You can also limit the deployment to a specific kafka_cluster by using kafka- instead of kafka_servers

  1. Create a tag to the configuration before the extension.
cd $PUNCHPLATFORM_CONF_DIR
git tag -a vX.Y -m "X.Y before extension"
  1. Update PunchPlatform properties with the new kafka devices (brokers).
"kafka" : {
    "clusters" : {
        "local" : {
            "brokers" : ["node01:9092", "node02:9092", "node03:9092"],
            ...
        }
    }
}

Warning

Do not forget to write TCP port in the list !!!!

  1. Deploy Metricbeat on all new device first
punchplatform-deployer.sh --deploy -Kk -t metricbeat -l kafka_servers

Check in Grafana System Dashboard the system metrics of the new nodes.

  1. Deploy Kafka on only one new node.
punchplatform-deployer.sh --deploy -Kk -t kafka -l <hostname>
  1. Check the new ID of the new broker in zookeeper by using the zookeeper debug tool
punchplatform-zookeeper-console.sh
ls /<platform_id>/kafka-<kafka_cluster>/brokers

You must have the ID of the new node.

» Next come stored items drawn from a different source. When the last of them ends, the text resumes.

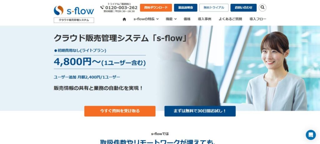 「s-flow」は、在庫管理、入出金管理、会計連携機能を標準装備した中小企業向けクラウド販売管理システムで、 卸販売・ネット販売・店舗販売の統合管理を実現。業務に合わせてカスタマイズできるプランもご用意している点が特徴です。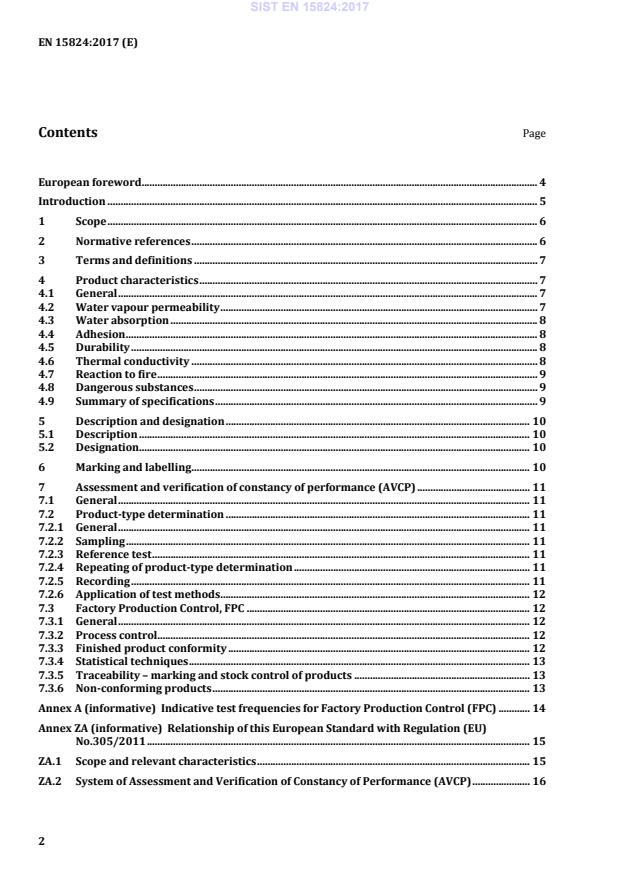 European foreword . 4 Introduction . 5 1 Scope . 6 2 Normative references . 6 3 Terms and definitions . 7 4 Product characteristics . 7 4.1 General . 7 4.2 Water vapour permeability . 7 4.3 Water absorption . 8 4.4 Adhesion . 8 4.5 Durability . 8 4.6 Thermal conductivity . 8 4.7 Reaction to fire . 9 4.8 Dangerous substances . 9 4.9 Summary of specifications . 9 5 Description and designation . 10 5.1 Description . 10 5.2 Designation. 10 6 Marking and labelling . 10 7 Assessment and verification of constancy of performance (AVCP) . 11 7.1 General . 11 7.2 Product-type determination . 11 7.2.1 General . 11 7.2.2 Sampling . 11 7.2.3 Reference test . 11 7.2.4 Repeating of product-type determination . 11 7.2.5 Recording . 11 7.2.6 Application of test methods . 12 7.3 Factory Production Control, FPC . 12 7.3.1 General . 12 7.3.2 Process control. 12 7.3.3 Finished product conformity . 12 7.3.4 Statistical techniques . 13 7.3.5 Traceability – marking and stock control of products . 13 7.3.6 Non-conforming products . 13 Annex A (informative)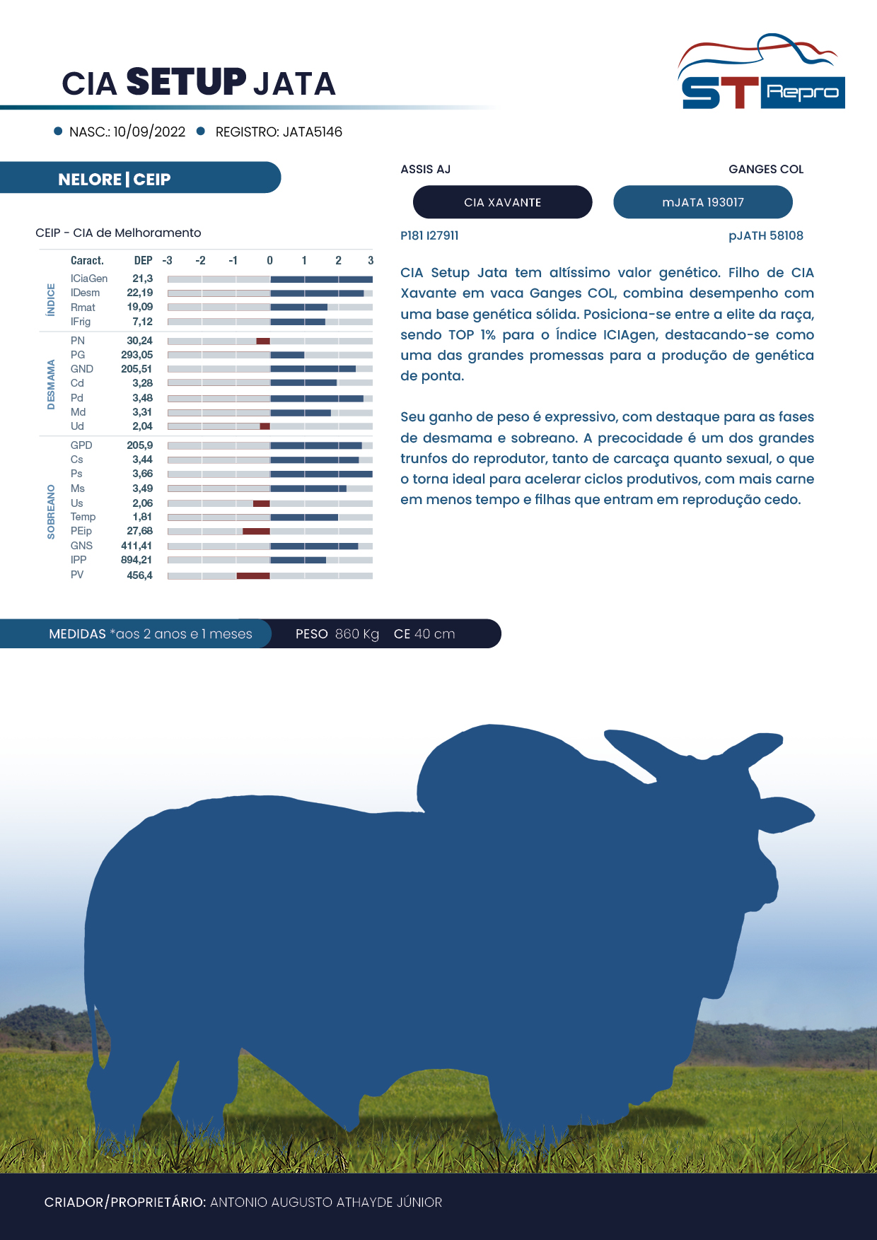 CIA Setup Jata tem altíssimo valor genético. Filho de CIA Xavante em vaca Ganges COL, combina desempenho com uma base genética sólida. Posiciona-se entre a elite da raça, sendo TOP 1% para o Índice ICIAgen, destacando-se como uma das grandes promessas para a produção de genética de ponta.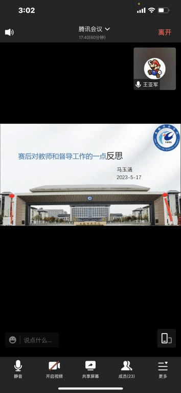 根据会议安排,校教学督导员马玉涵老师通过对教师发展阶段及教师角色、人才培养、“能言善辩”等概念的多维度剖析,分享了其参加第三届全国高校教师教学创新大赛的宝贵经验;电气与电子工程学院教学督导组组长张平娟老师从教风和学风两个方面介绍了学院督导工作的特色做法。

If not, please contact the PunchPlatform Support.

  1. Deploy Kafka on all nodes.
punchplatform-deployer.sh --deploy -Kk -t kafka -l kafka_servers

After this step, the kafka cluster has rebooted. So check the current processing of your platform. Especially the writing in this kafka cluster.

  1. Deploy again to check the current deployment.
punchplatform-deployer.sh --deploy -Kk -t kafka -l kafka_servers
  1. Perform last check.

  2. Check the current processing of your platform. No backlog must be observed.

  3. Check the kafka tab in the PunchPlatform Admin Server (port 5000)

  4. End of extension.

Tag the configuration after the operation.

cd $PUNCHPLATFORM_CONF_DIR
git tag -a vX.Y -m "X.Y after extension"